Кастард с бесконечной самоуверенностью улыбнулся.
— Потрясающий парень. Сосчитал пластинки. Теперь пришел менять. — И действительно, бой заботливо снял с диска отыгранные пластинки и наугад поднял новую стопку пыльных двенадцатидюймовых. А Краббе теперь почему-то почувствовал странное беспокойство в желудке.
— Хорошо, — сказал Кастард, заново устроившись, слушая мальчишеское сопрано тридцатых годов, которое распевало «О, крылья голубки». Беспокойство у Краббе прошло: просто не завтракал, решил он, слыша под ложечкой успокаивающее урчание. Кастард потребовал тишины для сливочного Мендельсона. А потом, когда грянул марш из «Аиды», — кричащие горны воскресной школы, запах апельсиновых корок, — замолотил в воздухе кулаками, энергично лялякая избитый мотив. — Давайте, — пригласил он, на миг остановившись, — подхватывайте. Вещь потрясающая. — Краббе улыбнулся уголками губ и нашел извинение в своей пивной кружке. — Молодец, — одобрил Кастард. — Отлично рассчитали время. — Ибо снова явился тамил с пивом. А потом пластинка сменилась, фортепьяно высоко забрякало тему, похожую на Пуленка.
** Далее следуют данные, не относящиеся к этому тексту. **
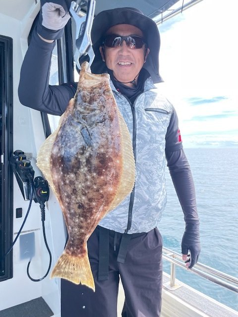 ヒラメ ⑤リベルタス。下げ潮狙いでパタパタと来るを狙い、掛ける人もバレる人も。今日もワイワイと笑顔に癒されました。またのご乗船お待ちしております。
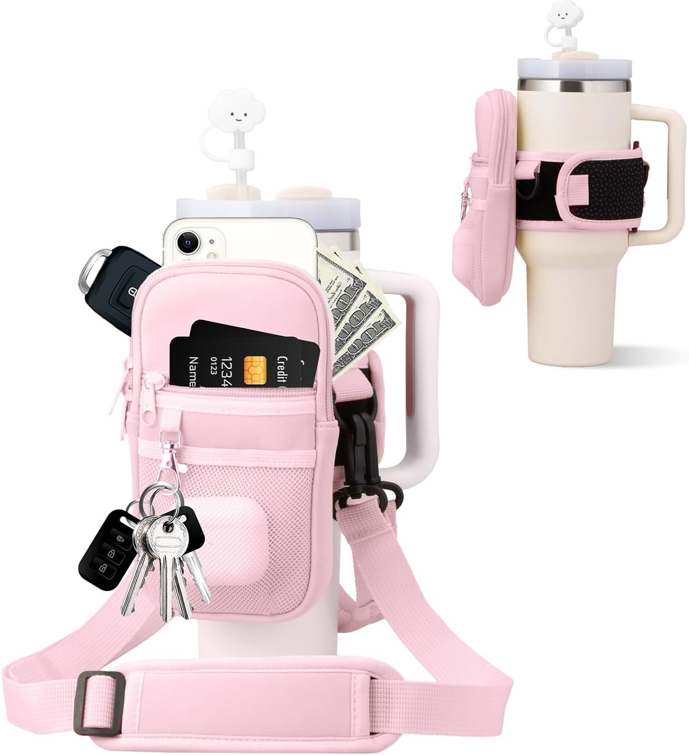 水壶袋扣 适用于40盎司/30盎司玻璃杯水壶袋水壶携带袋带有耳机口
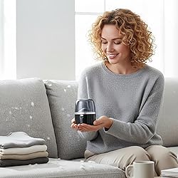 Powerful Defuzzing Action: Equipped with a high-speed motor and upgraded stainless blades this lint remover delivers strong consistent performance helping you refresh clothing upholstery and blankets by efficiently removing pills fuzz and lint buildup Large Capacity Storage: Designed with an extended lint container this unit collects more fabric in minimizing cleanups and allowing longer uninterrupted ideal for sweaters bedsheets couches wool coats and everyday garments Gentle Fabric Protection: Built to safely treat delicate fibers its protective mesh cover prevents snagging while maintaining smooth even contact making it suitable for wool cashmere cotton knitwear socks scarves and other soft materials Portable Travel Convenience: Lightweight and compact at 3.46 x 2.83 inches this handheld lint remover fits easily in handbags backpacks or car compartments making it perfect for on-the- clothing care during travel work trips and daily use Easy Design: Features a comfortable grip intuitive and quick disassembly for emptying lint ensuring a simple user experience for adults seniors and teens wanting a fast effective and low-maintenance garment care tool
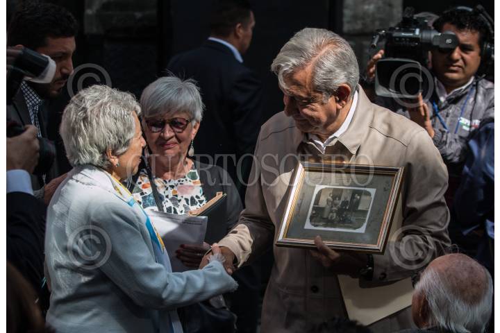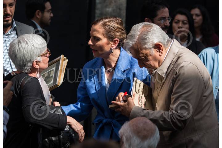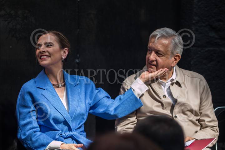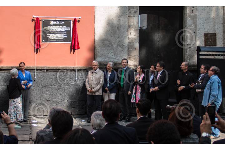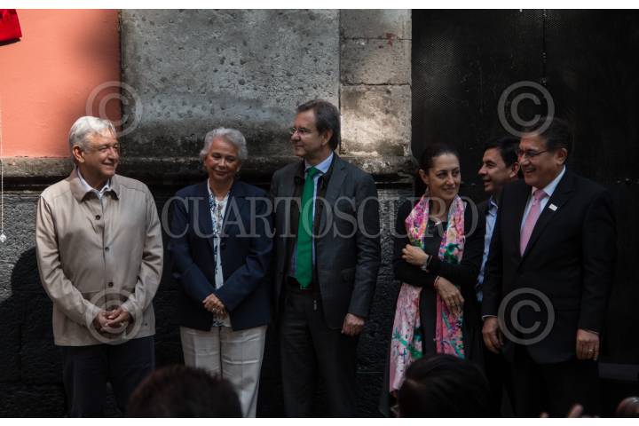 CIUDAD DE MÉXICO, 07JUNIO2019.- El presidente de la República, Andrés Manuel López Obrador; su esposa, Beatriz Gutierrez Müller; la jefa de Gobierno de la Ciudad, Claudia Sheinbaum; Olga Sánchez Cordero, secretaria de Gobernación; Esteban Moctezuma, secretario de Educación Pública; Paco Ignacio Taibo II, titular del Fondo de Cultura Económica; Genaro Villamil, presidente del sistema público de Radiodifusión y Jesús Ramírez, coordinador general de Comunicación Social de Presidencia, encabezaron la develación de la placa a la memoria del Periodista Paulino Martínez en el edificio del Centro Cultural del México, esto como parte de las actividades por el día de la Libertad de Prensa celebrado el día de hoy, FOTO: ANDREA MURCIA /CUARTOSCURO.COM

Краббе слушал рассеянно, потом слушал с каким-то глупым испуганным недоверием.
— Нет, — сказал он. — Нет. Все это пропало. Пропало в Негри. — Фортепьяно гротескным арпеджио скользнуло в нижний регистр: комическое фугато, партия левой руки время от времени прыгала вверх, издавая пронзительно дисгармоничную высокую трель. Краббе увидел руку, которая это делала, изогнутую голую руку. И вскочил на ноги. Ужаленная нога, теперь совсем лишенная нервов, подломилась под ним, и он ухватился за стол.
— Где ты это взял? — задохнулся он. — Кто тебе это дал? Вор проклятый, ты это украл.
Бой-тамил стоял, смотрел в ошеломлении, словно пес, готовый к порке за неизвестное преступление.
— Утунду повай! — крикнул Кастард, тоже поднявшись. — Где это было? Почему ты мне не сказал?
Бой съежился.
— Ни эннай ван-сишшуп-поддай! — завопил Кастард.
— Что происходит? — кричал Краббе. — Где вы это взяли? Кто вам это дал?
Кастард замахнулся. Бой, ничего не понимая в этом гневе, в этом возбуждении, поплелся прочь, как обезьяна. Двое англичан смотрели друг на друга, тяжело дыша.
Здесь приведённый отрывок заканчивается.